Content starts

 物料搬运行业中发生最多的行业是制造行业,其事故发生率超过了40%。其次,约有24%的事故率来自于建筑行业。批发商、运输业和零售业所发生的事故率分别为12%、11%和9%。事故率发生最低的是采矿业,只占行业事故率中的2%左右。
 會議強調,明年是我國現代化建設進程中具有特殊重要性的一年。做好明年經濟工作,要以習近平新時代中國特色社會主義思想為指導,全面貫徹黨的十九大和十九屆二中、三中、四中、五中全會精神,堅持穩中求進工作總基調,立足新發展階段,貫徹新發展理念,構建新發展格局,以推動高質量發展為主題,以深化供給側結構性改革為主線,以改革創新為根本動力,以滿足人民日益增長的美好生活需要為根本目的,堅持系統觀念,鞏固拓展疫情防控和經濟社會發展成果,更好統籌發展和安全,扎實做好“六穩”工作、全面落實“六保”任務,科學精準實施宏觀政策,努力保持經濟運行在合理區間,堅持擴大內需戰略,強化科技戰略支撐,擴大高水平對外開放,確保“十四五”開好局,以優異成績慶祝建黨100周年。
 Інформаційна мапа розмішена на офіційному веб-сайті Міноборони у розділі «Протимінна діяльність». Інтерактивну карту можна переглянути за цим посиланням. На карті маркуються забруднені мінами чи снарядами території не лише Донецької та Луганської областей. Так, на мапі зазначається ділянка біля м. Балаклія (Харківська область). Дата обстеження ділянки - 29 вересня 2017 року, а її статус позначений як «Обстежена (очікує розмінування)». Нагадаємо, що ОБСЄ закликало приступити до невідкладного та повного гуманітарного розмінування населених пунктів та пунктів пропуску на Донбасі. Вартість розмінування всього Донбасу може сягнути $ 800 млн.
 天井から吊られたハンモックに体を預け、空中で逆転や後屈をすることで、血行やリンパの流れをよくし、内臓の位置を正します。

Content ends
Content starts

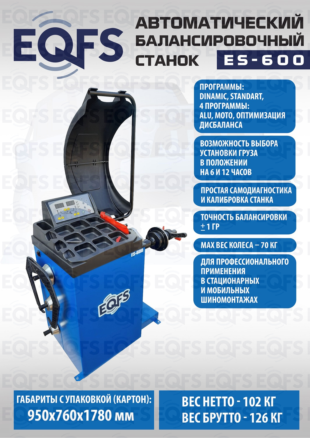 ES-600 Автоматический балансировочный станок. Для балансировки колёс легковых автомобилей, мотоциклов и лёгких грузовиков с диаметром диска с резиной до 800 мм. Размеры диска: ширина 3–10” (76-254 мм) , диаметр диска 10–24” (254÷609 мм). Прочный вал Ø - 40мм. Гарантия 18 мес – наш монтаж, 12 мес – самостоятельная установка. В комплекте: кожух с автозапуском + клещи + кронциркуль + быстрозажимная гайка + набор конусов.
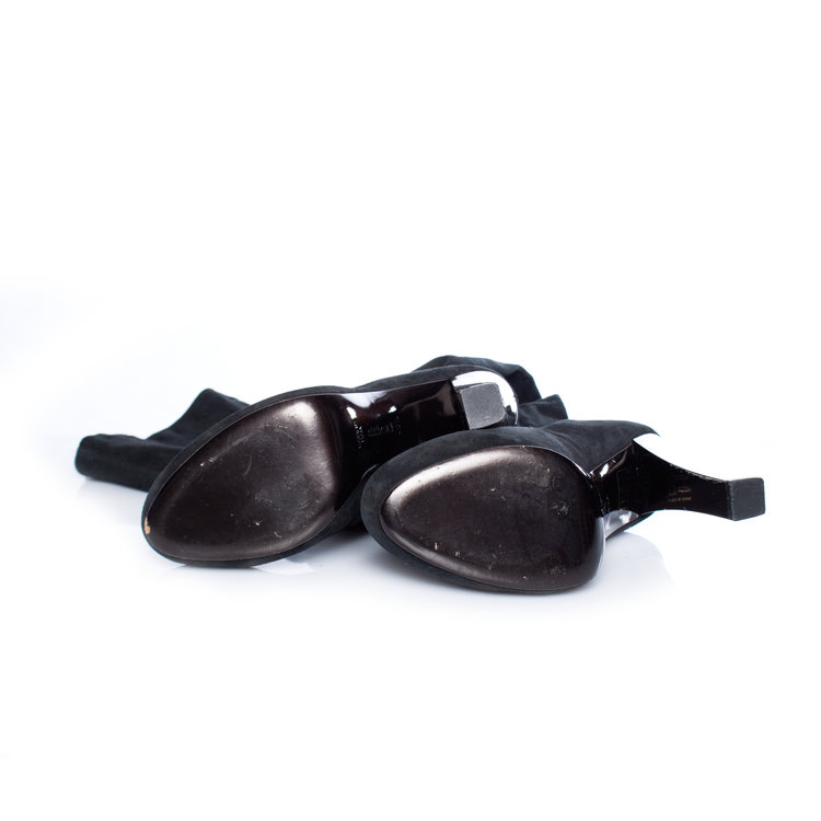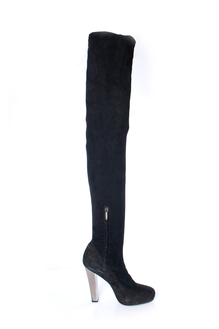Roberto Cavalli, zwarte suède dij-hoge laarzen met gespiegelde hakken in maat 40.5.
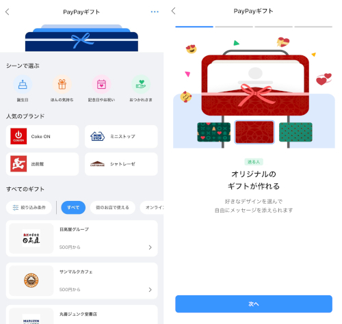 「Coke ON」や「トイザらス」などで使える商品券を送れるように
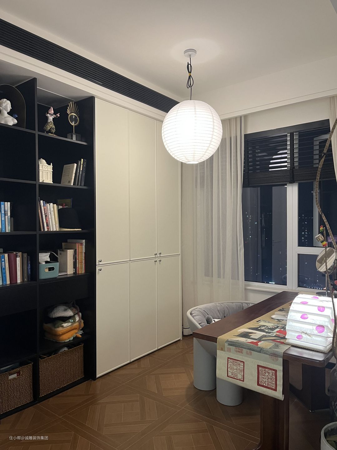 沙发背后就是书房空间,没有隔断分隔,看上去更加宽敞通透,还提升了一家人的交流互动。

Content ends
Content starts

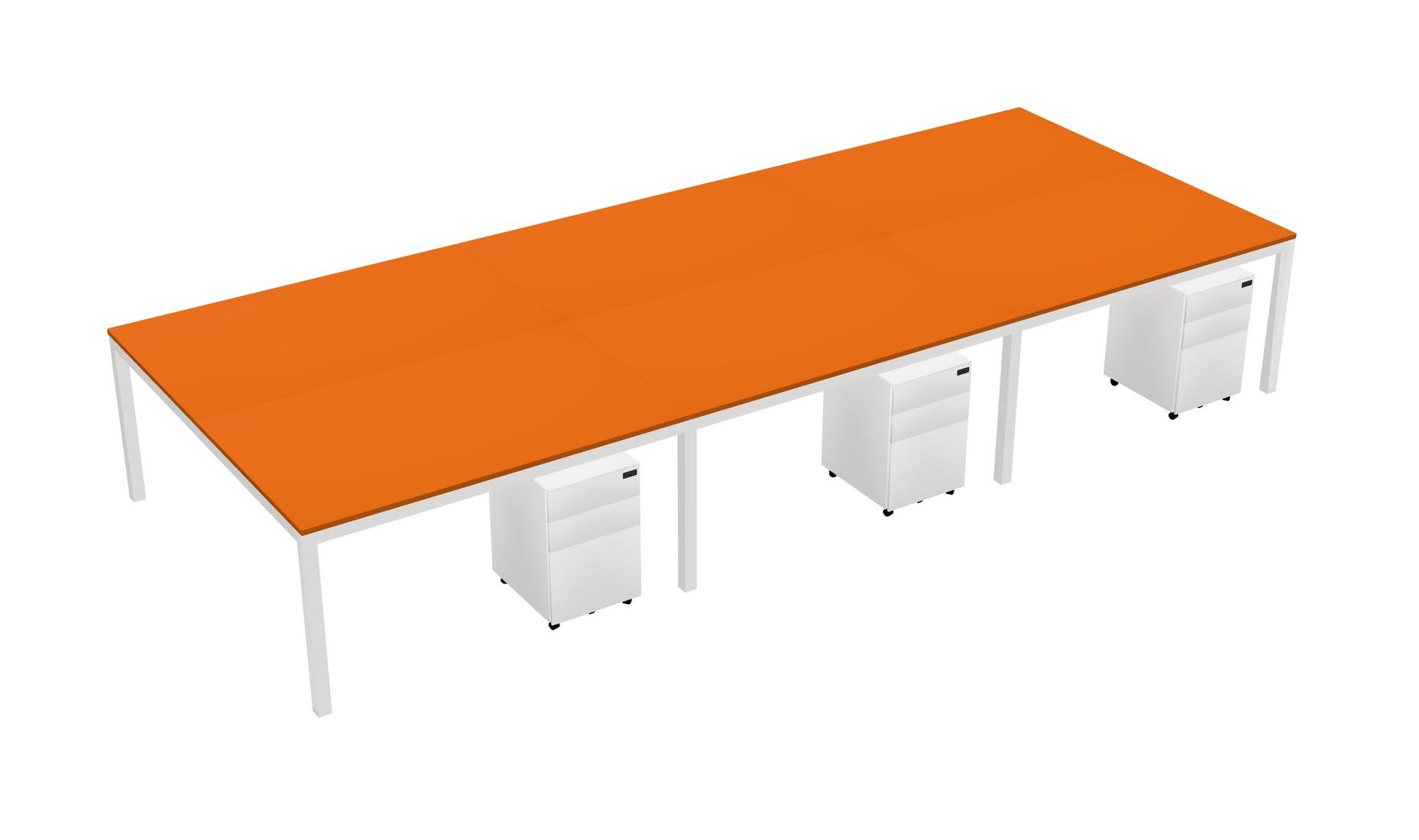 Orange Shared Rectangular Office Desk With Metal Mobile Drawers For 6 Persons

Content ends

▶ _YOUR ASSIGNMENT_
Among the lines above, repeat exactly those from the line with "物料搬运行业中发生最多的行业" to the line with "會議強調,明年是我國現代化建", counting both ends.

▶ _SOLUTION_
 物料搬运行业中发生最多的行业是制造行业,其事故发生率超过了40%。其次,约有24%的事故率来自于建筑行业。批发商、运输业和零售业所发生的事故率分别为12%、11%和9%。事故率发生最低的是采矿业,只占行业事故率中的2%左右。
 會議強調,明年是我國現代化建設進程中具有特殊重要性的一年。做好明年經濟工作,要以習近平新時代中國特色社會主義思想為指導,全面貫徹黨的十九大和十九屆二中、三中、四中、五中全會精神,堅持穩中求進工作總基調,立足新發展階段,貫徹新發展理念,構建新發展格局,以推動高質量發展為主題,以深化供給側結構性改革為主線,以改革創新為根本動力,以滿足人民日益增長的美好生活需要為根本目的,堅持系統觀念,鞏固拓展疫情防控和經濟社會發展成果,更好統籌發展和安全,扎實做好“六穩”工作、全面落實“六保”任務,科學精準實施宏觀政策,努力保持經濟運行在合理區間,堅持擴大內需戰略,強化科技戰略支撐,擴大高水平對外開放,確保“十四五”開好局,以優異成績慶祝建黨100周年。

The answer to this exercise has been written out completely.